Writing · 17.06.26 · 2 min

GLM-5.2: the most powerful text-only open weights LLM?

Editorial translation of Simon Willison's post on benchmarks, cost, and hands-on tests.

GLM-5.2: the most powerful text-only open weights LLM?

Source: GLM-5.2 is probably the most powerful text-only open weights LLM · Simon Willison · June 17, 2026

Z.ai released GLM-5.2 to coding plan subscribers June 13, then open weights under MIT June 16. 753B parameters, MoE with 40B active. Text input only—vision is a separate closed family. Context window: 1 million tokens (up from 200K on GLM-5.1).

GLM-5.2 open weights

Benchmarks and cost

Artificial Analysis ranks GLM-5.2 #1 among open weights on Intelligence Index v4.1 (score 51)—ahead of MiniMax-M3, DeepSeek V4 Pro, and Kimi K2.6.

Caveat: token hunger—~43K output tokens per Intelligence Index task vs 26K for GLM-5.1. Output pricing matters in production budgets.

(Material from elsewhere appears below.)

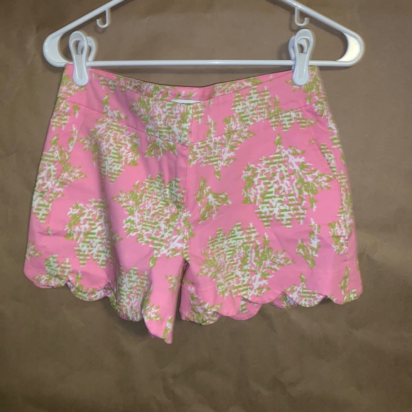 Pink, green, & white scalloped shorts, never worn. $18 separate or $25 for these and the other scalloped pair.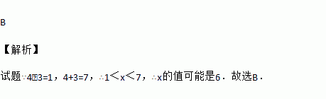 若三角形的三边长分别为3,4,x,则x的值可能是( )

#2 on Code Arena WebDev behind only Claude Fable 5—surprising without image input for frontend agentic coding.

On OpenRouter, most providers charge $1.40/M input, $4.40/M output vs GPT-5.5 at $5/$30 and Claude Opus at $5/$25.

Hands-on (Simon’s tests)

GLM-5.1 produced a beloved animated pelican SVG. GLM-5.2 improved the pelican prompt with intact animations.

The “NORTH VIRGINIA OPOSSUM ON AN E-SCOOTER” prompt regressed vs GLM-5.1’s animated HTML+CSS—no animation, lower quality.

Lesson: leaderboard rank doesn’t uniform across task types.

For backend / LLM integration

Open weights, long context, cheap list pricing—worth trying self-hosted or via OpenRouter for RAG and agents. But ~43K tokens/task inflates production spend; enforce max output, rate limits, and eval gates.

Charity Majors’ recent point applies: code got cheaper to generate; engineering discipline matters more.

Model cards and downloads live on Z.ai and Artificial Analysis; Willison’s post is the practitioner filter.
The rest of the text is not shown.